Menin-based triplets are delivering deep frontline responses. Revumenib + decitabine/cedazuridine + venetoclax (SAVE) achieved 86% ORR, 81% CR/CRh, and 86% MRD negativity in newly diagnosed KMT2A-r and NPM1-mutant AML; ziftomenib + Ven/Aza (KOMET-007) extended activity into the R/R setting, with responses blunted by prior venetoclax exposure [slides p.20, p.25].
Immunotherapy in AML is finally moving. CD7 UCAR-T produced 62.5% CR/CRi in CD7-high R/R AML, and the logic-gated CD33/FLT3 NOT-EMCN CAR NK product SENTI-202 achieved 50% ORR / 42% CR/CRh at RP2D with 100% MRD negativity in CR, providing two mechanistically distinct off-the-shelf platforms for heavily pretreated disease [slides p.30, p.34].

1.5 Key References

Fathi AT, Perl AE, Fell GG, et al. Results from PARADIGM—a phase 2 randomized multi-center study comparing azacitidine and venetoclax to conventional induction chemotherapy for newly diagnosed fit adults with AML. Blood. 2025;146(Suppl 1): Abstract 6 [slide p.4].
Pabari R, Glasser C, Alonzo T, et al. Optimized treatment for pediatric patients with low-risk acute myeloid leukemia: a report from the Children’s Oncology Group study AAML1831. Blood. 2025;146(Suppl 1): Abstract 878 [slide p.9].
Claiborne JP, Kaduluri VPS, Tsai H-L, et al. Post-allogeneic hematopoietic cell transplantation outcomes are similar after HMA/venetoclax and cytarabine-based remission induction for AML when using uniform transplant techniques. Blood. 2025;146(Suppl 1): Abstract 44 [slide p.13].
Jen W-Y, DiNardo CD, Short NJ, et al. Phase II study of the all-oral combination of revumenib with decitabine/cedazuridine and venetoclax (SAVE) in newly diagnosed AML. Blood. 2025;146(Suppl 1): Abstract 47 [slide p.17].
Issa GC, Fathi AT, Zeidan AM, et al.
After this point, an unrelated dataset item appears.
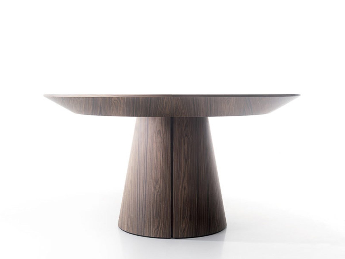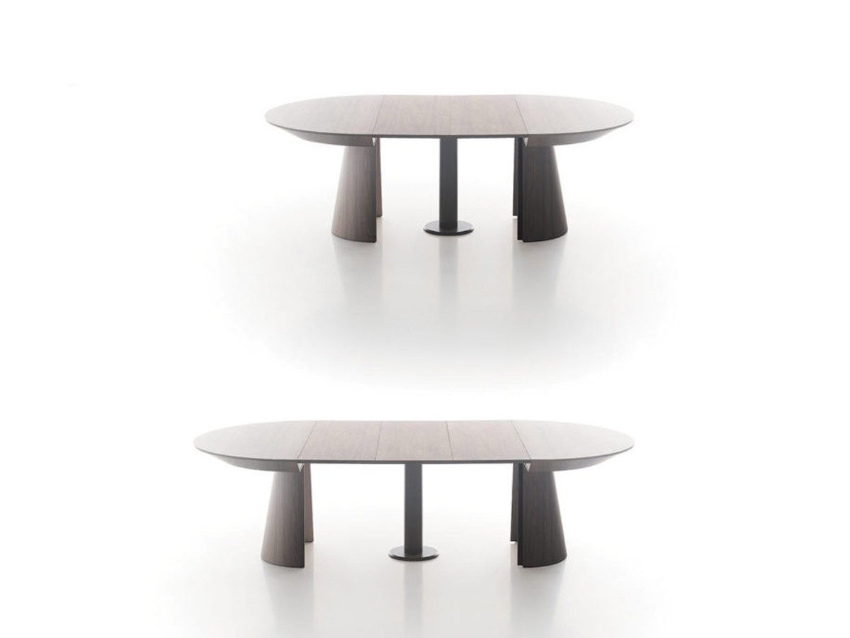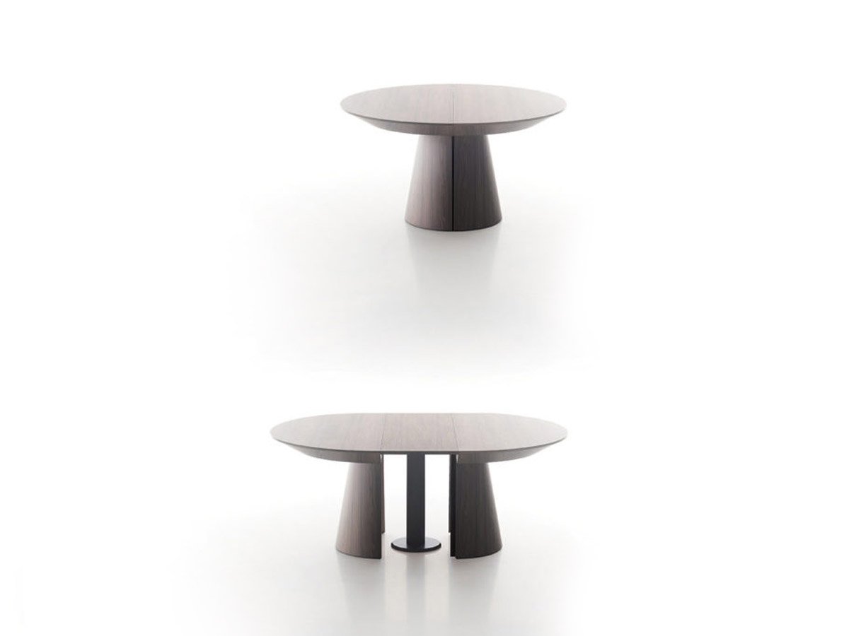 Rondò is the extendable table by Bauline designed by Enzo Berti. Round extendable table with aluminum guides and finishes in Canaletto Walnut.
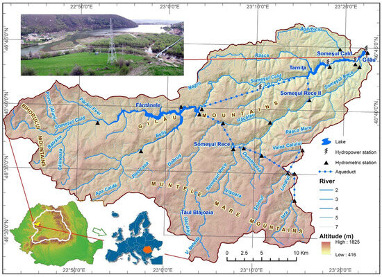General map of the hydrotechnical system of the Upper Someșul Mic (sources, [58,59]. Upper inset, the Someșul Rece Delta at the level of 2008; lower inset, its location within the Transylvania and Romania territories, and Romania’s position within the European continent [60].

Ziftomenib in combination with venetoclax and azacitidine in relapsed/refractory NPM1-m or KMT2A-r acute myeloid leukemia: updated phase 1a/b safety and clinical activity results from KOMET-007. Blood. 2025;146(Suppl 1): Abstract 764 [slide p.22].
Hu Y-X, Zhu X, Mei H, et al. CD7-targeted universal CAR T-cell therapy in relapsed or refractory (R/R) acute myeloid leukemia (AML). Blood. 2025;146(Suppl 1): Abstract 816 [slide p.27].
Farhadfar N, Strickland S, Bajel A, et al. Promising results from an ongoing phase I multicenter study of SENTI-202, a first-in-class, CD33 AND/OR FLT3 & NOT endomucin (EMCN), selective off-the-shelf logic-gated CAR NK cell therapy in adults with R/R AML. Blood. 2025;146(Suppl 1): Abstract 1044 [slide p.31].